Historic house in New York, United States

The John Shelp Cobblestone House, also known as the Shelp–Beamer House, is located on West Shelby Road (Orleans County Route 87) in West Shelby, New York, United States, just east of the Niagara–Orleans county line. It is an 1830s cobblestone house in the Greek Revival architectural style.

Of the six cobblestone buildings in the Town of Shelby, it is the most accomplished stylistically. In the late 19th century, the interior was renovated into a more contemporary style. In 2008, the house, two barns, and a milk house on the grounds were listed on the National Register of Historic Places.

==Buildings and grounds==

The house is located near the southwest corner of an 11 acre lot at the northeast corner of the junction of South County Line and West Shelby roads. The area is rural, with large lots consisting primarily of worked fields with some scattered second-growth trees, a large wooded area to the south-southeast, and houses at the roads. It is generally level with a slight slope to the north. In the rear are the three contributing outbuildings.

The main house has two sections, a two-story five-by-two-bay main block with a two-by-two-bay wood frame two-story wing on the northeast corner. The slope of the ground exposes the basement at the rear, giving the house the appearance of three stories. Both sections are topped by shallow pitched gabled roofs shingled in asphalt. The main block is pierced by a single brick chimney at the south end.

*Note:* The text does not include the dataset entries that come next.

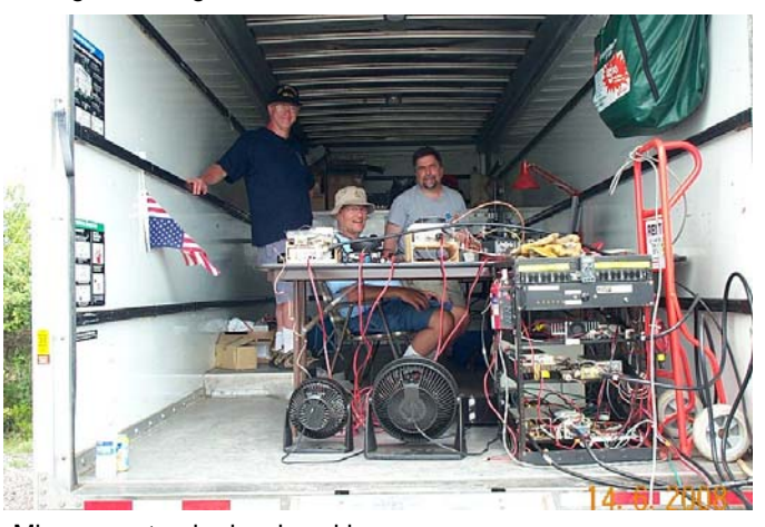
Microwave truck - hard working ops
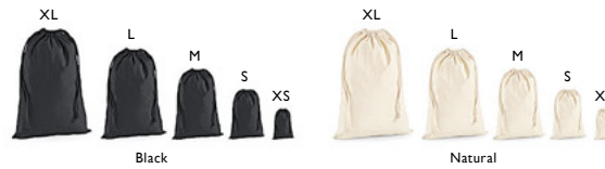
Available in 5 sizes
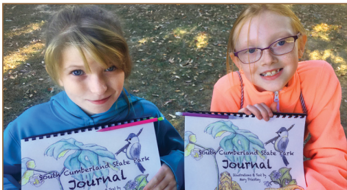
New 4th Grade Education Program
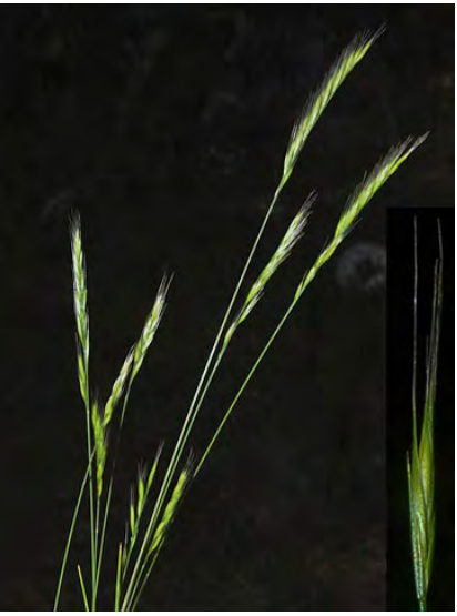
BROME FESCUE (Festuca bromoides) Naturalized Annual - Grass Family - (May–Jun) -Uncommon. Dry, disturbed places, coastal-sage scrub, chaparral - Stem < 20". Inflor 0.6-6" tall, dense, lower branches erect. Spikelet 0.2-0.4" long, awn 0.1-0.3" long.
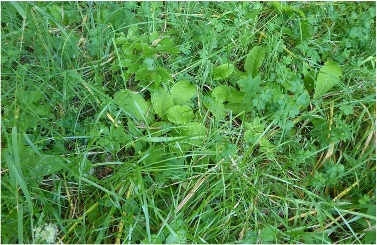
I am interested to observe how well the Primula vulgaris , naturalised among the grasses, are growing so much better than the ones in our garden which get the same weather conditions as it does, only a ten minutes' walk away.
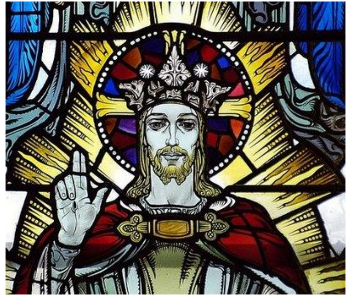
Our Lord Jesus Christ, King of the Universe

Baptisms & Marriages: Please contact the Parish Priest
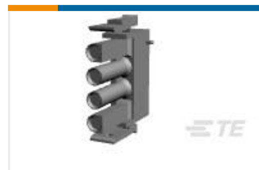
TE Part #926298-5 UN-MNL STECK-GEH 4P
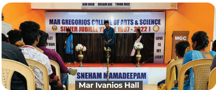
SNEHAM MAMADEEPAM Mar Ivanios Hall
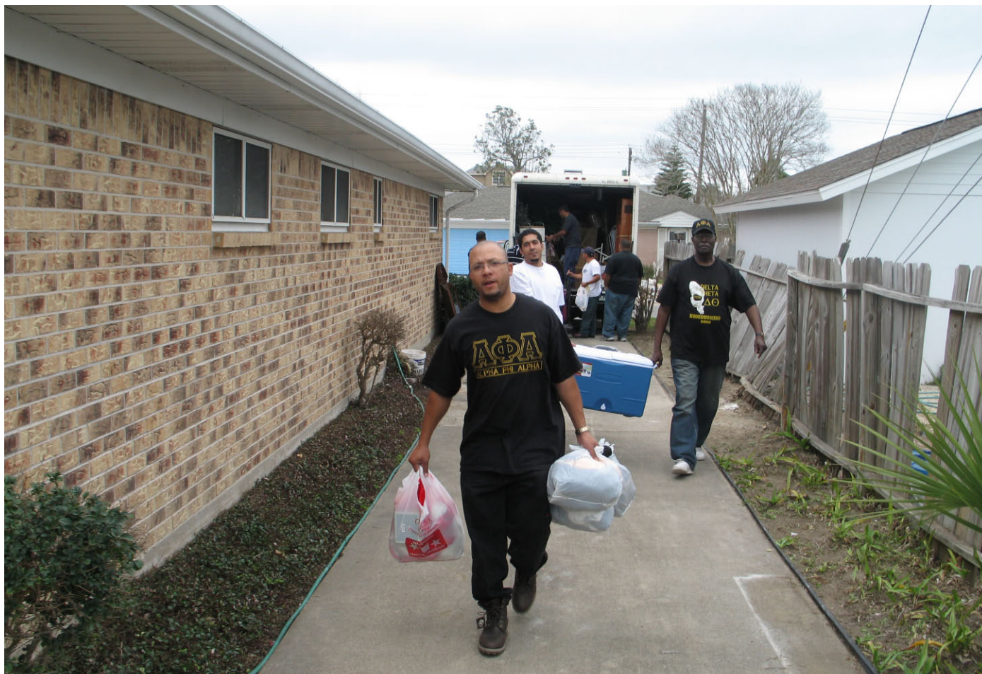
Brothers provide a truck load of food, water, furniture, and clothing to Alpha seniors affected by Hurricane Ike.

Objective 7. Ensure adequate supplies of food, water, shelter, and clothing, with special emphasis on disaster management and recovery
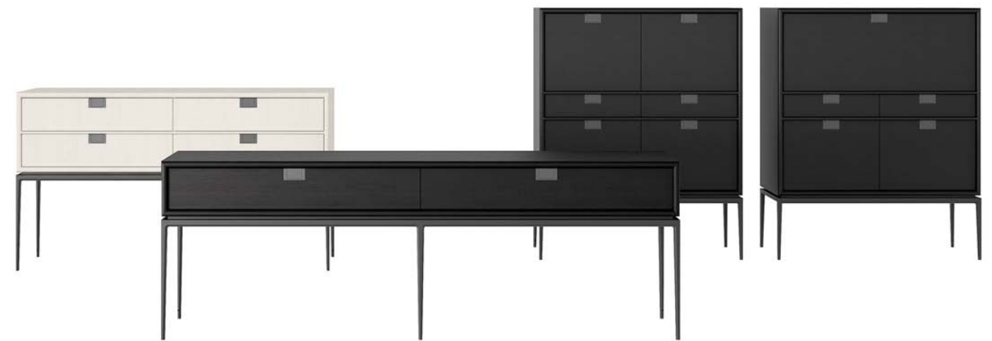
Artemone storage units and console, shellac type finish black and white rough cut oak. Caratos swivel chair, Diana fabric.
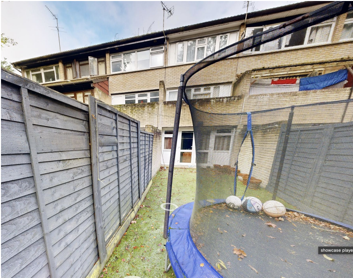
6. Rear elevation of application property no.26 and neighbouring property no.27
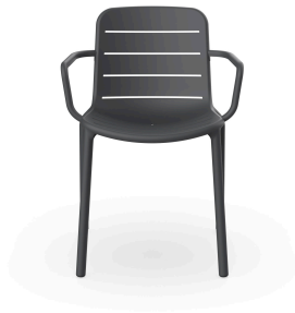
Grey Gina Chair with arms 05261
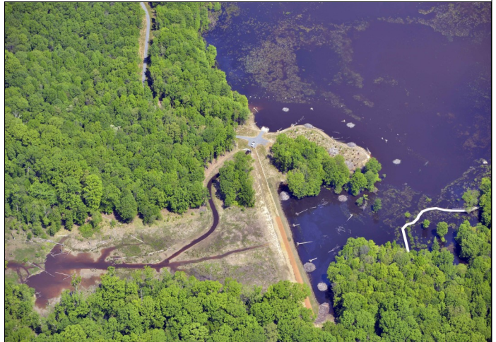
Arial photo of completed berm (straight line in the bottom middle of photo) backing up the water and creating wonderful wildlife habitat.

The current Fairfax County Department of Transportation (DOT) proposed paved bike trails are specifically intended for transportation and commuting. Construction of the northern proposed paved trail would entail the same conversion of this portion of the Park to a transportation corridor as was proposed in the late 1980s. Due to the deed restrictions for HMP property, pursuing such construction would most likely require federal approval and additional costly actions, including a detailed, site-specific environmental review which has never been done for these proposed trails.
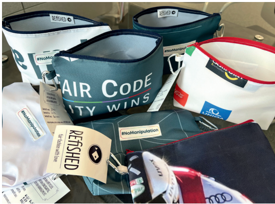
Upcycled bags from old roll-ups
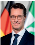
Hendrik Wüst Minister President of the State of North Rhine-Westphalia

North Rhine-Westphalia and the United States have been linked by a deep friendship and partnership for decades. We are expanding this further with the NRW-USA Year 2023/2024. Within the scope of this transatlantic friendship, lawyers from our state will also study in the USA and gain further qualifications there. The „DAJV LL.M. Day“ organized by the German-American Lawyers Association have been preparing them for this for many years. I would like to sincerely thank everyone involved in this scheme. This year, the „DAJV LL.M. Days“ will once again take place in Cologne, the largest city in North Rhine-Westphalia! You can look forward to many exciting encounters, a valuable exchange of ideas and lots of information about the possibilities of studying for a „Master of Laws“ in the United States.
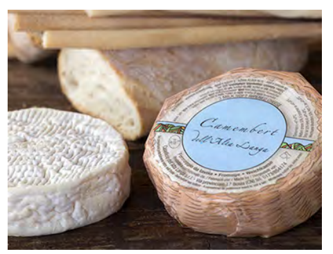
Camembert dell'Alta Langa

Due to the steep slopes of the surrounding mountains, commericialization of the production is near imporrible and thus the small herd of goats, sheep, and cows are untainted by the outside. Today, the "tradition of our grandparents" is evident through the high quality craftsmanship of these artisanal cheeses.
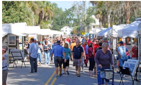
Scene from a previous festival

Along with the traditional Blessing of the Fleet and Boat Parade on the May River on Sunday, Oct. 16, the local art scene will again be highlighted as we kick off this week of festivities. Our Sunday activities include a Showcase of Local Art, at the galleries and an outdoor art exhibit in Martin Park from 11am – 4pm in the heart of Old Town Bluffton, as well as the first Oyster Roast of the season at Bluffton Oyster Park at 5pm.
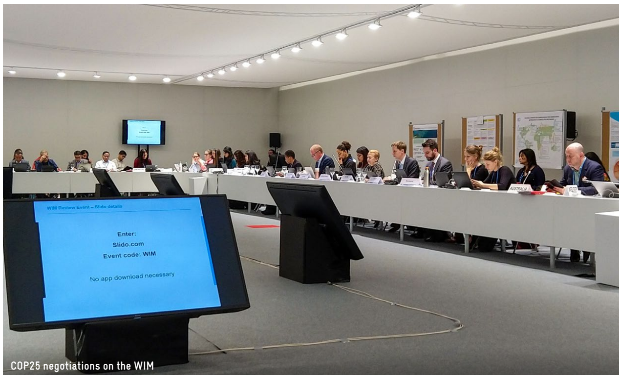
COP25 negotiations on the WIM
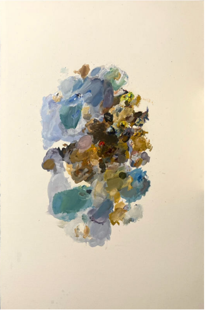
Title: Wall Painter Year: 2024 Medium: Oil on canvas Size: 36 x 48 inches Price: PKR 800,000/-
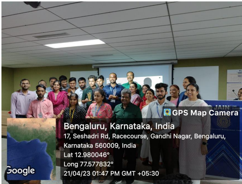
Fig 3: Winners of Intercollegiate Mock Stock and Live Trading Competition
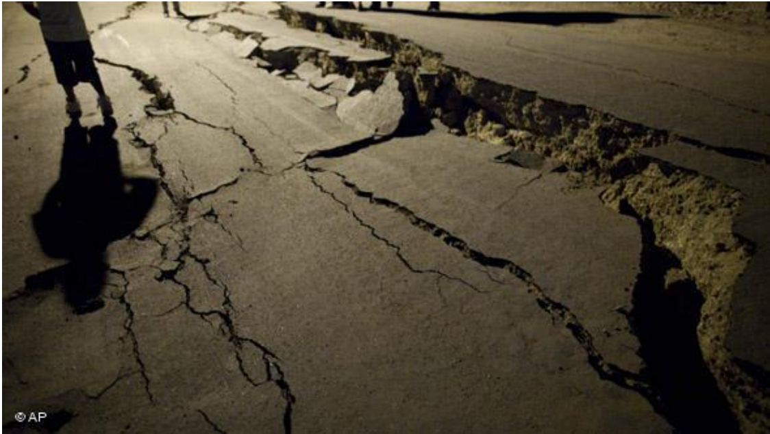
Streets became not suitable for use anymore because of the quake

Another earthquake hit Mexico on April 4, 2010. the earthquake was triggered by the same processes that drive temblors on the San Andreas Fault, which runs all the way from Southern California to north of San Francisco.
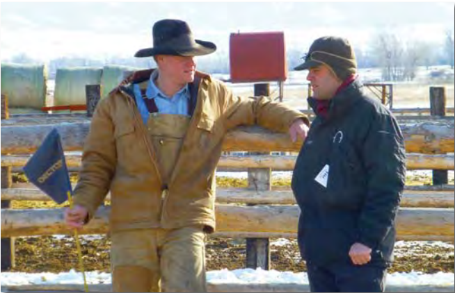
Videoing the bulls
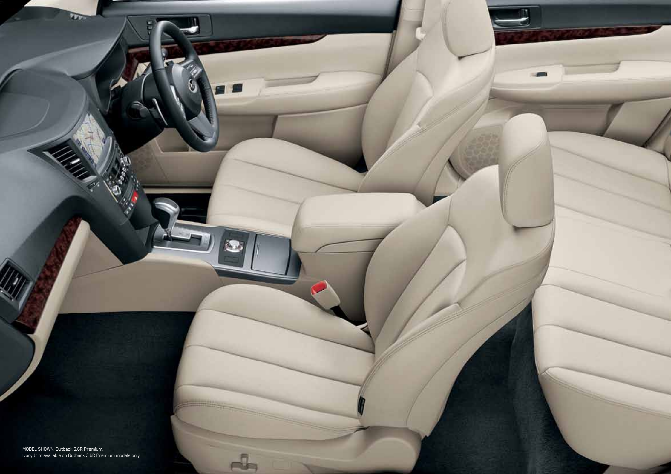
MODEL SHOWN: Outback 3.6R Premium. Ivory trim available on Outback 3.6R Premium models only.
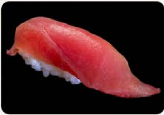
まぐろ Tuna 60
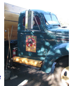
The Big Green Truck

groups reinforced the positive experience that families, congregations, offices, and service clubs have when they volunteer their time, efforts and talent at the Kitchen. They have loyally served our residents for 28 years. The tradition continues in many ways, and our residents are grateful for all the effort!
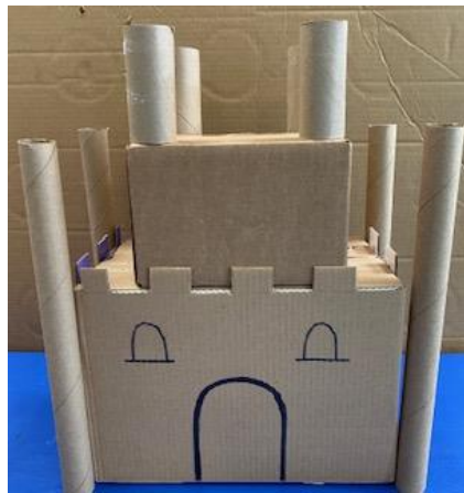
This is what I was thinking of when I started. I changed to the cracker box and left out the toilet paper rolls.

A shed-roofed porch with wooden Tuscan columns and balustrade covers the centrally located main entrance, the two bays to its west, and the east elevation of the main block. The cobblestone siding consists of four horizontal rows per limestone quoin of medium-sized field stones with lime mortar between. Windowsills and lintels are of cut stone.

Wooden louvered shutters flank the six-over-six double-hung sash windows; on the west facade the two northern windows are shuttered and the south window on the first story longer than the other three. The two bays east of the entrance have large plate glass windows. At the roofline a molded wooden frieze sets off an overhanging cornice with returns. Blind lunettes are located in the gable fields.

A screen door protects the paneled front door, set off by sidelights. It opens into a central hallway with a natural-finish oak staircase rising two flights to the second story. Oak is also used for the paneled spaces below the stair's balustrade, which incorporates a small bench.

All interior woodwork on the first floor is similar natural-finish oak. The door and window surrounds are flat pilasters with ogee-profile moldings at the entablature. In the basement is the original kitchen fireplace, with bake oven.

The milk house is a single-story single-bay frame structure with gabled roof, a door and two windows. The main barn is on a rubblestone foundation, with an earthen ramp providing entrance. Both it and the two-story gabled carriage barn, where sliding doors provide access to both levels, are sided in vertical board and batten.

==History==

Shelp, a Schoharie County native who married Mary Ann Cone, daughter of an early Shelby landowner, bought the 80 acre where the house now stands in 1828. Five years later, in 1833, he bought another 40 acre. In 1836 he moved his family into the new house. Originally, it had four chimneys. Three were decorative, one was functional. Its flue angles to the space between the windows, suggesting along with the date of construction that the owner was using heating stoves, then a new technology, to heat the house rather than the fireplaces.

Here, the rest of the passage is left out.